В Раскольникове несостоятельным оказался "человек как воля". Он сам убил принцип свой и подпольного антигероя - принцип, согласно которому воля есть prima causa и основание человеческой личности.
Кириллов сделал то же самое. Он, первый человеко–бог, убил себя, чтобы экспериментально и наглядно показать и доказать, что своеволие - наивысшее проявление личности и что самоубийство - наивысшая ступень своеволия. Но самоубийство - не что иное, как полная дезинтеграция человеческой личности.

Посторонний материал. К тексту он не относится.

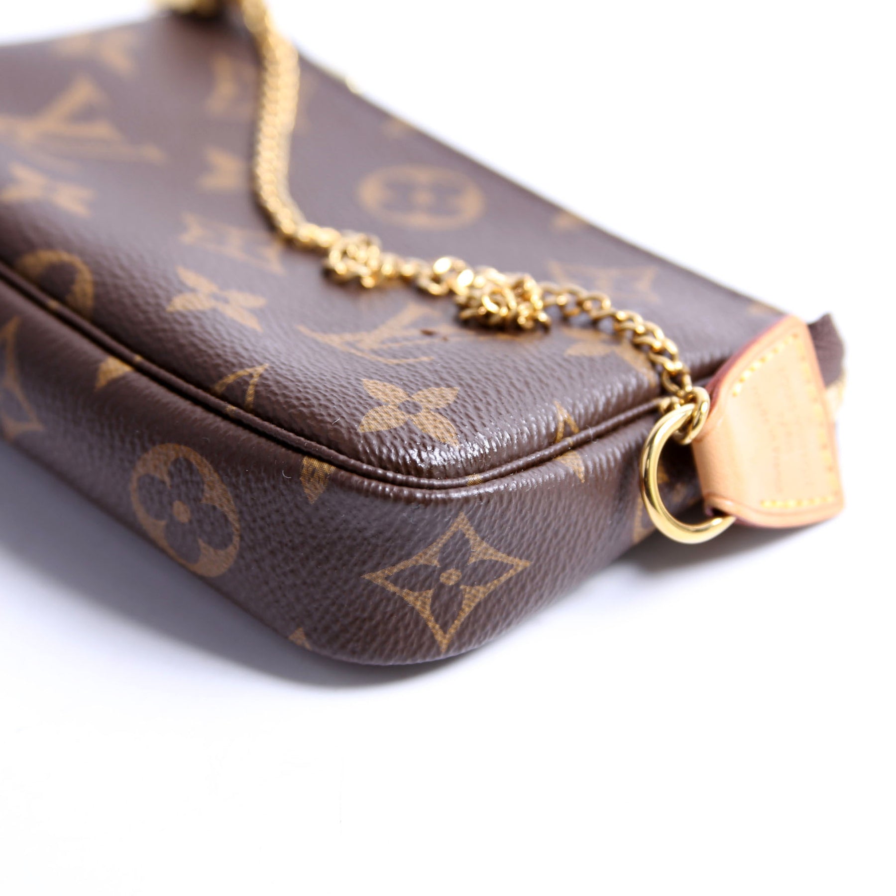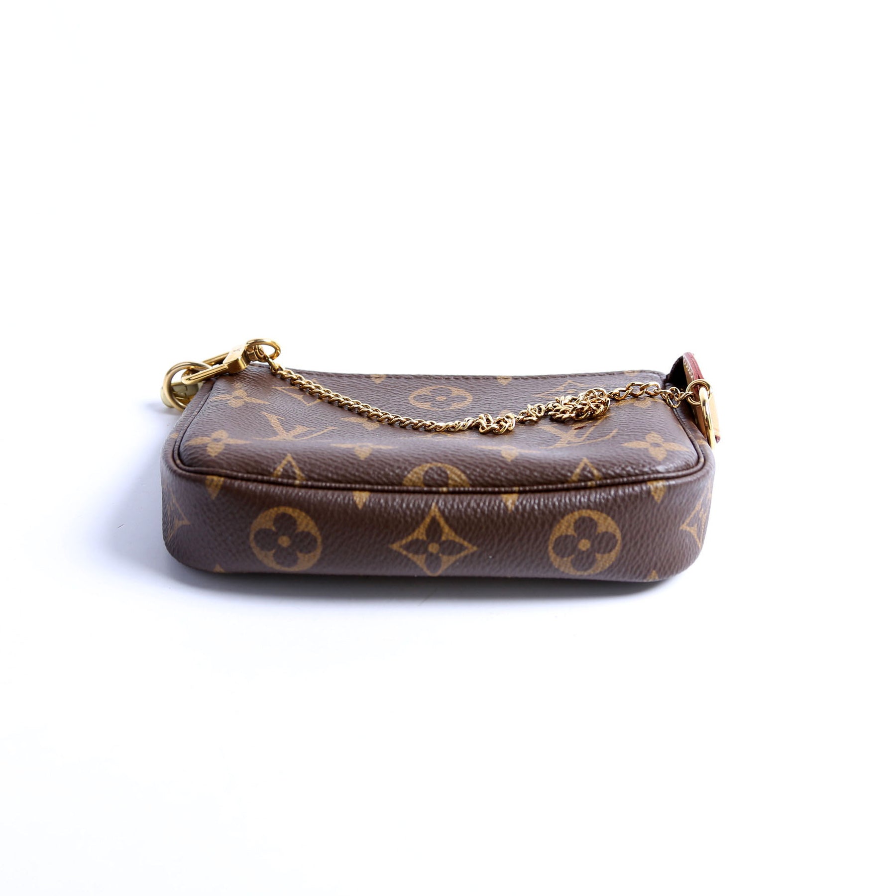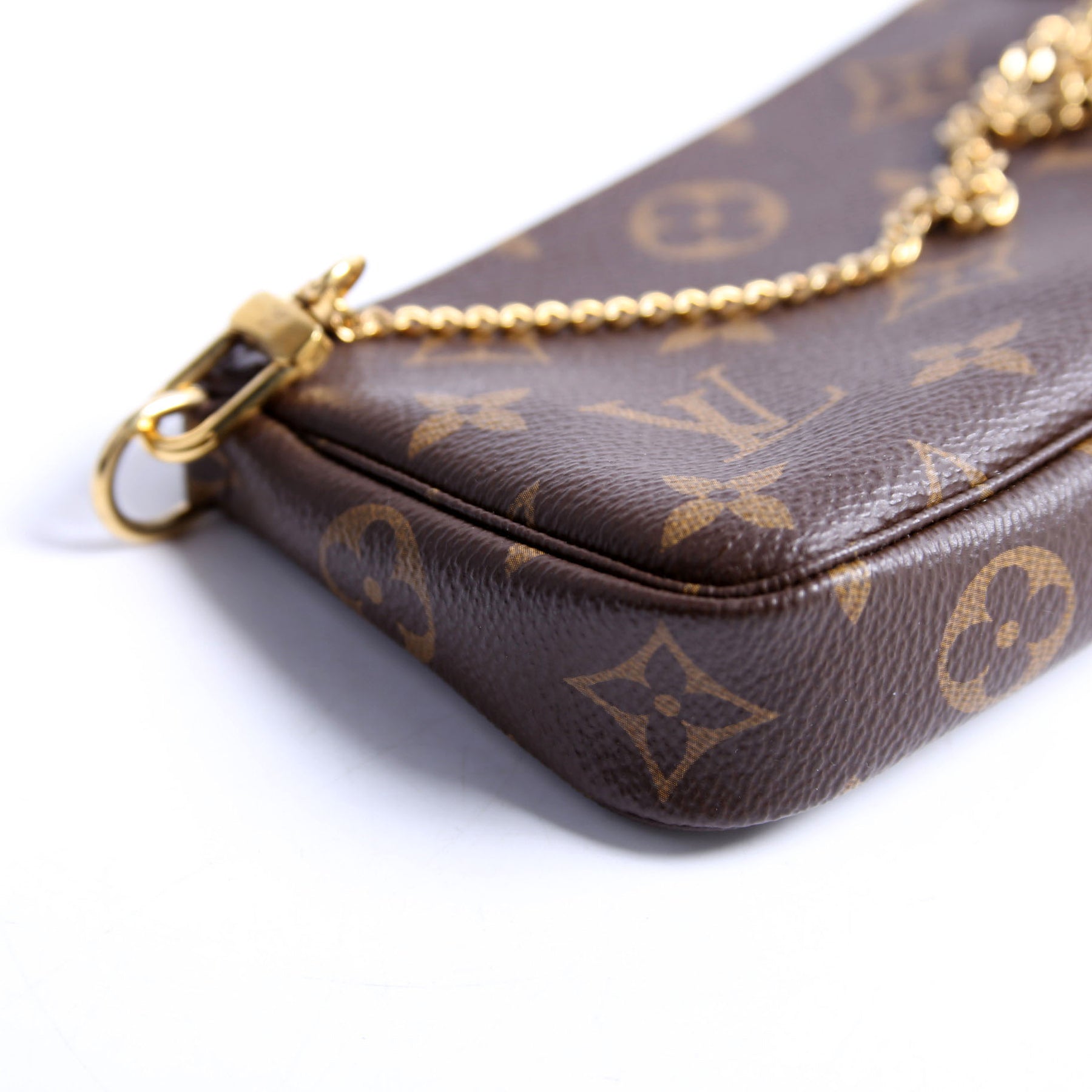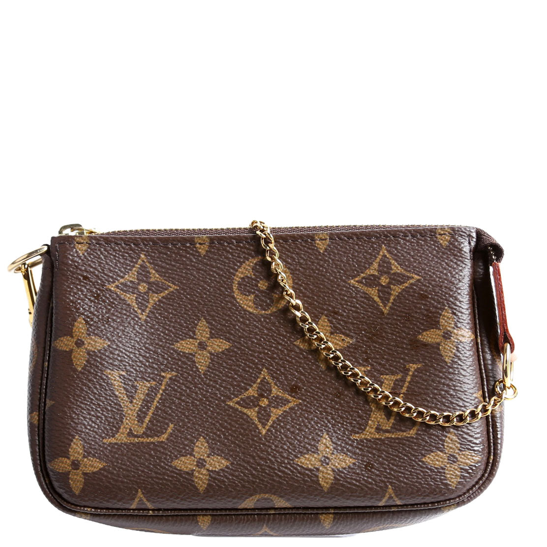 This pre-owned Louis Vuitton Pochette Accessories Mini is guaranteed 100% authentic. The exterior is in the classic Louis Vuitton Monogram coated canvas.

Ставрогин, воплощенная тайна беззакония и своеволия, повесился и таким образом уничтожил принцип своей жизни и претерпел полный распад личности.
Иван, чудодейственный творец и апологет человеко–бога, глубокий аналитик эвклидовского ума человеческого, сошел с ума. Сошел он с ума, когда увидел страшную реальность своей теоретической аксиомы "все позволено" при ее применении в жизни. Он сошел с ума, так как Смердяков убил Федора Карамазова, руководствуясь этой Ивановой аксиомой. "Вы убили, - говорит Смердяков Ивану, - вы главный убивец и есть, а я только вашим приспешником был, слугой Личардой верным, и по слову вашему дело это и совершил…"Все, дескать, позволено", - говорили–с… Самым естественным манером сделано было–с, с ваших тех самых слов…" .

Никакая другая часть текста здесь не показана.